There seems to have been a lot of magic in the air for art over the past few years.

I just got back from Europe, mainly to visit the UK with its annual art fair smörgåsbord, Frieze and Zoo. On my way home I stayed for a week in Switzerland (thank you to Marianne for the room) where I was able to catch the impressive SHIFT Festival, which took place in Basel last weekend.

SHIFT is billed as the “Electronic Arts Festival,” and my first experience of it was last year in Beijing where they organised a mini-festival at the Yugong Yishan club.

This year’s Festival theme caught my attention because it reminded me of something which has been annoying my contemporary art peripheral vision over the past few years, being as it was “Magic. Tech-Evocations and Assumptions of Paranormal Realities.” I’ve noticed a growing interest in all things “magic” in contemporary art. A small selection of examples: there have been many shows showing work dealing with or constructing alternative realities based on “magical” appropriations of historical styles and/or events. Just before I left for China I saw a solo show at Wilkinson Gallery (their site is blocked here in China so I can’t get the details just yet), through groups shows such as ”Martian Museum of Terrestrial Art” (one of whose 4 sections was titled “Magic and Belief”). There is also the “mythopoetic fictions” of Plastique Fantastique, and the shamanism and animism of Marcus Coates.

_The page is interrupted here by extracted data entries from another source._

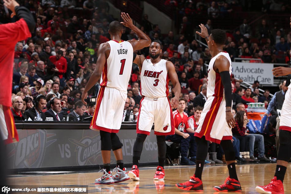 北京时间1月26日,热火在客场以96-84击败公牛。热火二连胜。德维恩-韦德拿下了26分,克里斯-波什20分7个篮板,马里奥-查尔默斯15分5次助攻,洛尔-邓第一次以客队球员的身份来到芝加哥,面对老东家拿下了15分10个篮板。哈森-怀特塞德复出,替补出场,打出三双,贡献14分、13个篮板和12个盖帽。热火全队13次盖帽。图为韦德波什庆祝。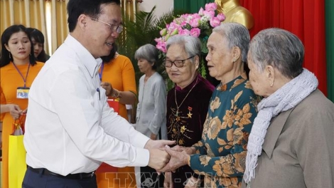 (VOVWORLD) - Zum bevorstehenden Neujahrsfest Tet 2024 hat Staatspräsident Vo Van Thuong am Freitag die Menschen mit Verdiensten, bedürftige Haushalten und Arbeitnehmer im Kreis Tra On in der Provinz Vinh Long besucht.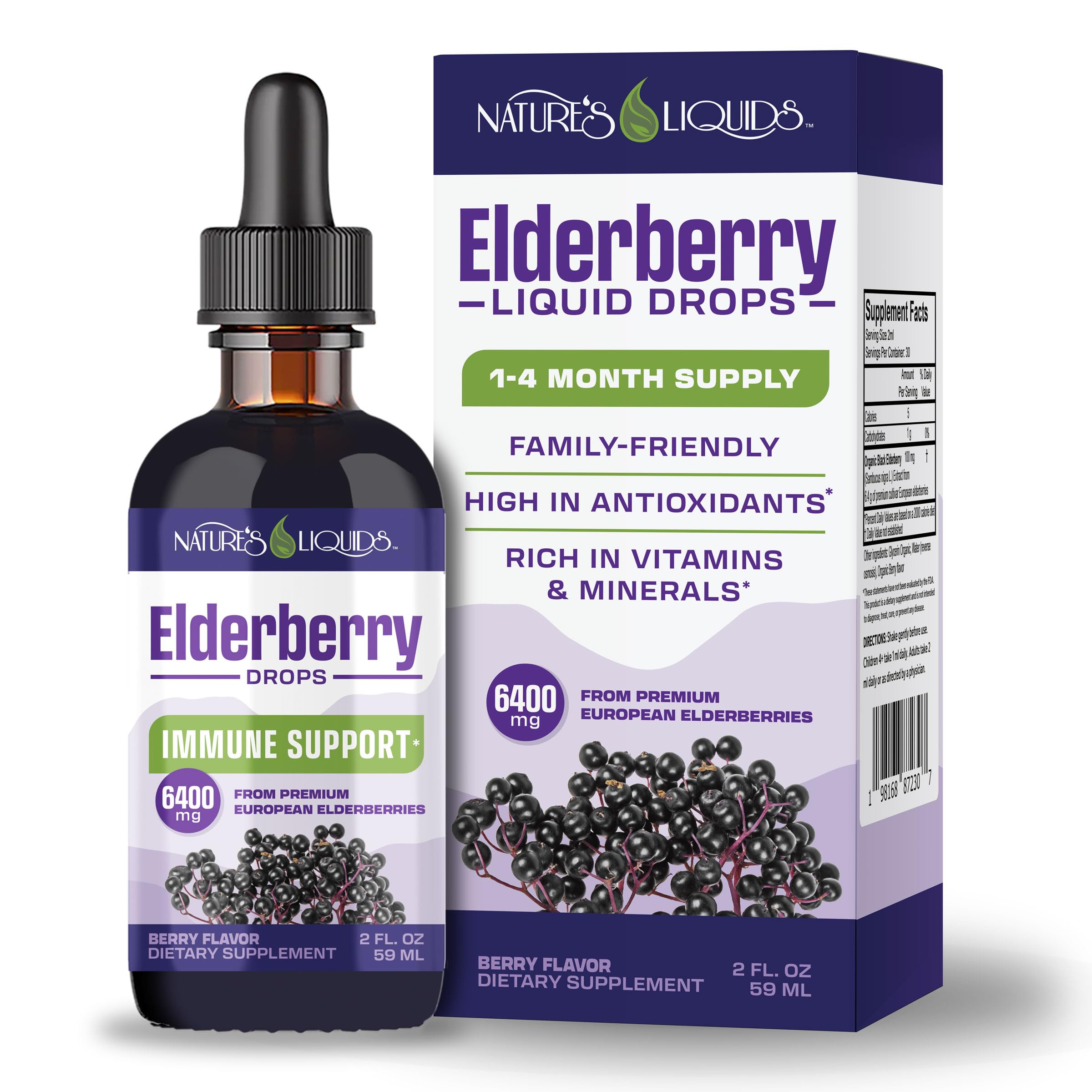 Nature's Liquids Elderberry Drops is a potent supplement that helps support your immune system and overall well-being. Specially formulated with the highest quality elderberry extract, each drop is packed with powerful antioxidants and nutrients to help keep you feeling your best. Elderberries have been used for centuries due to their remarkable health benefits, particularly in boosting immunity and fighting off colds. Our supplement harnesses the natural goodness of elderberries in a convenient liquid form, making it easy to incorporate into your daily routine. Nature's Liquids Elderberry Drops is carefully crafted to ensure maximum potency and effectiveness. We use only premium elderberry extract to make each drop packed with a concentrated dose of elderberry goodness, providing you with an efficient way to boost your immune system. In addition to its immune-boosting properties, elderberry is also rich in vitamins and minerals that support overall health. Our supplement is free from artificial additives and preservatives, making it a safe and natural choice.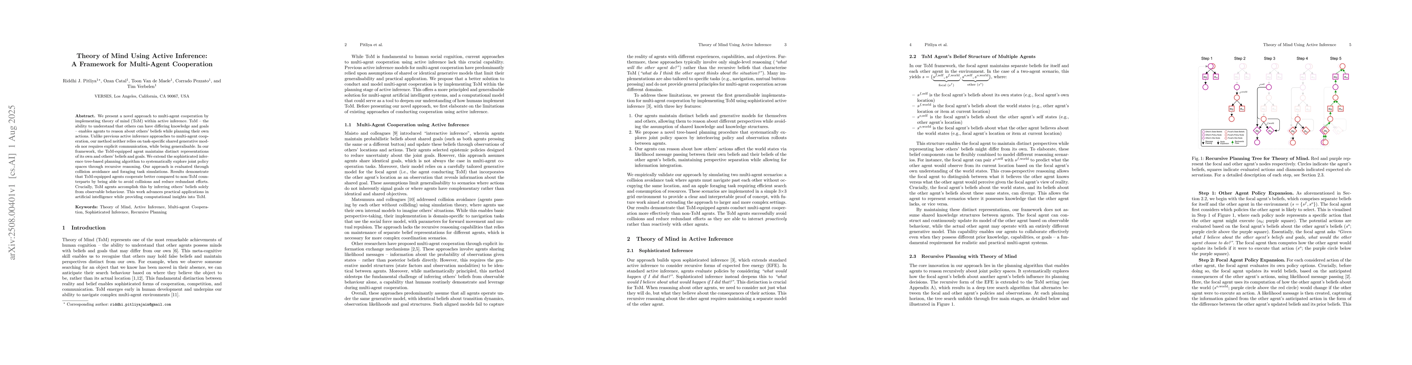 We present a novel approach to multi-agent cooperation by implementing theory of mind (ToM) within active inference. ToM - the ability to understand that others can have differing knowledge and goals - enables agents to reason about others' beliefs while planning their own actions. Unlike previous active inference approaches to multi-agent cooperation, our method neither relies on task-specific shared generative models nor requires explicit communication, while being generalisable. In our framework, the ToM-equipped agent maintains distinct representations of its own and others' beliefs and goals. We extend the sophisticated inference tree-based planning algorithm to systematically explore joint policy spaces through recursive reasoning. Our approach is evaluated through collision avoidance and foraging task simulations. Results demonstrate that ToM-equipped agents cooperate better compared to non-ToM counterparts by being able to avoid collisions and reduce redundant efforts. Crucially, ToM agents accomplish this by inferring others' beliefs solely from observable behaviour. This work advances practical applications in artificial intelligence while providing computational insights into ToM.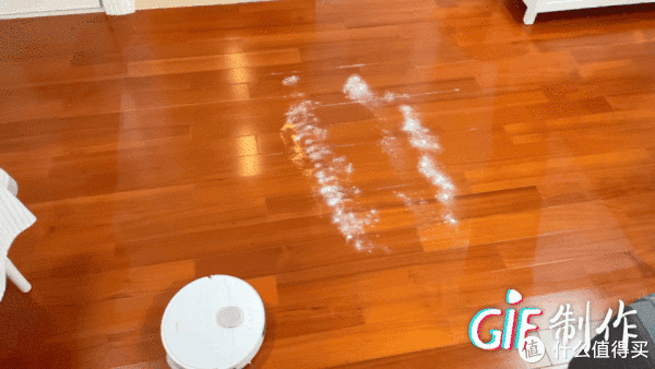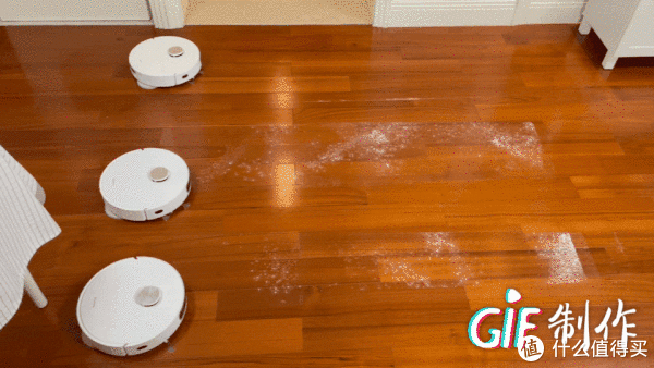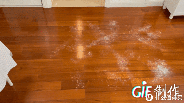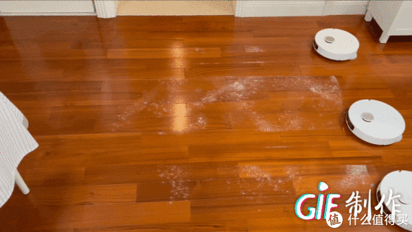 两次扫拖模式, 地面铺了很厚一层面粉, 和一层小米。 一种不容易清扫, 一扫就会打飞, 一种容易粘黏, 追觅S10 Pro这里完成的十分好, 一次洁净。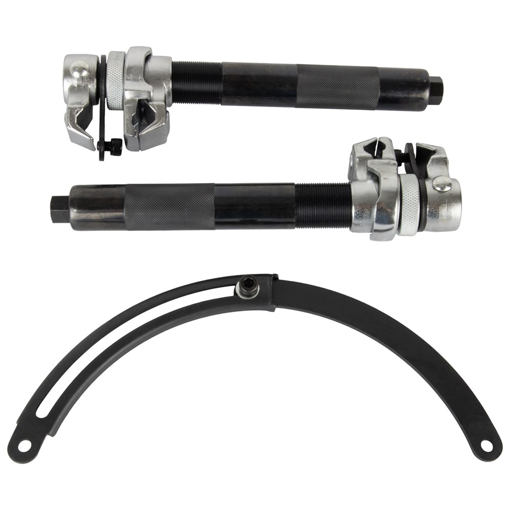 Стяжки предназначены для сжатия пружин при ремонтных работах на амортизаторных стойках автомобиля. Данная модель подходит для работы со стандартными стойками и стойками «Макферсон».
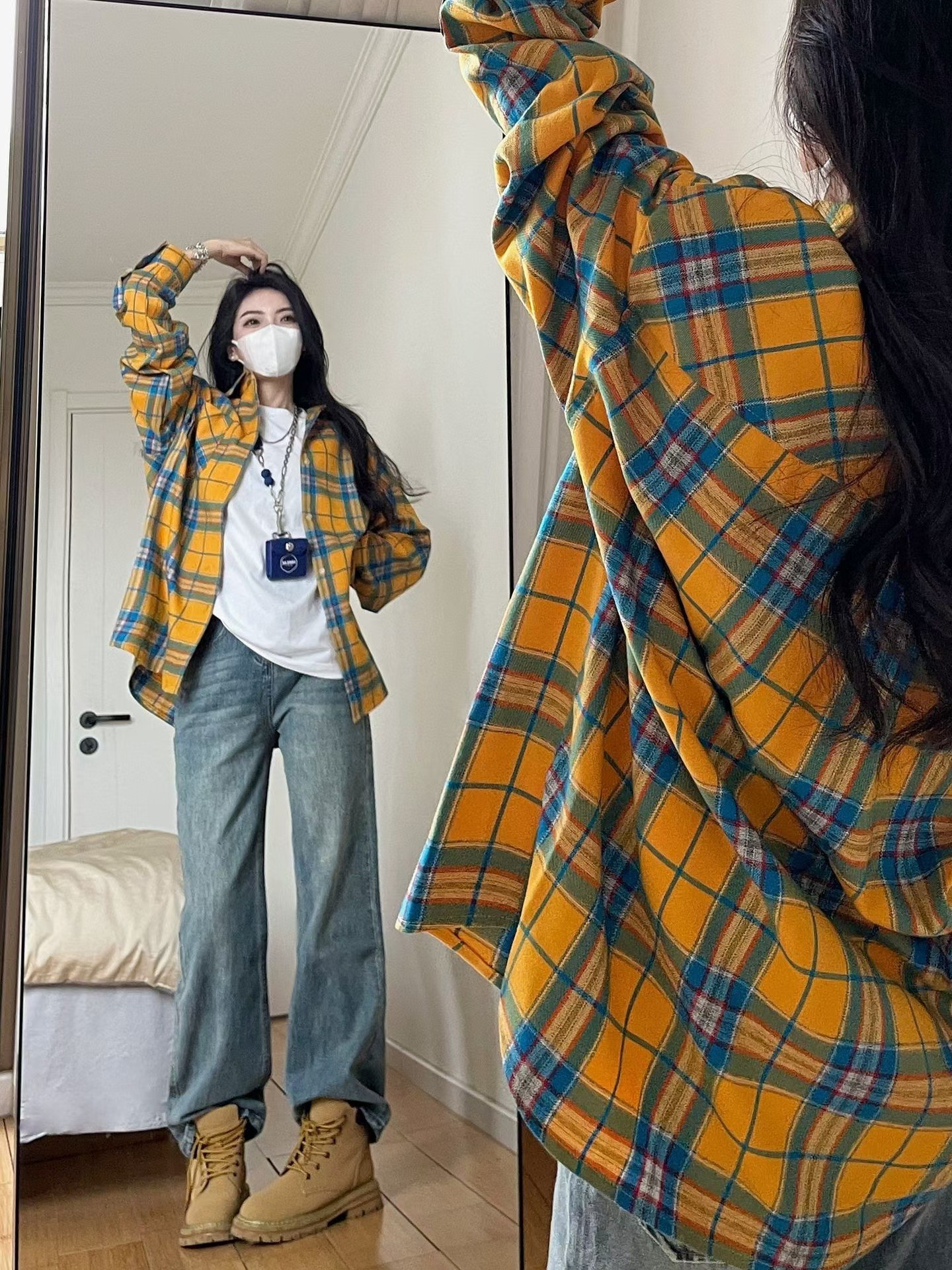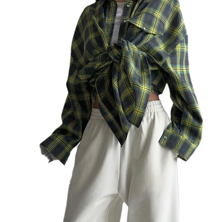 2024 봄과 가을 아마존 오존 크로스 보더 레트로 스타일 올 매치 루즈 셔츠 * 패션 올 매치 체크 무늬 셔츠 여성스토어 가기

In China, the history of what constitutes magic is somewhat different, but Western ideas of stage magic are still popular here. The performance on CCTV’s 2009 Spring Festival Gala of Taiwanese close-up magician Louis Liu (刘谦) led to an incredible popularisation of magic. TV shows about all kinds of magic have become immensely popular and Louis himself has become a household name. Perhaps we can look forward to seeing Chinese contemporary artists taking the bait and start to address this development of society through their work?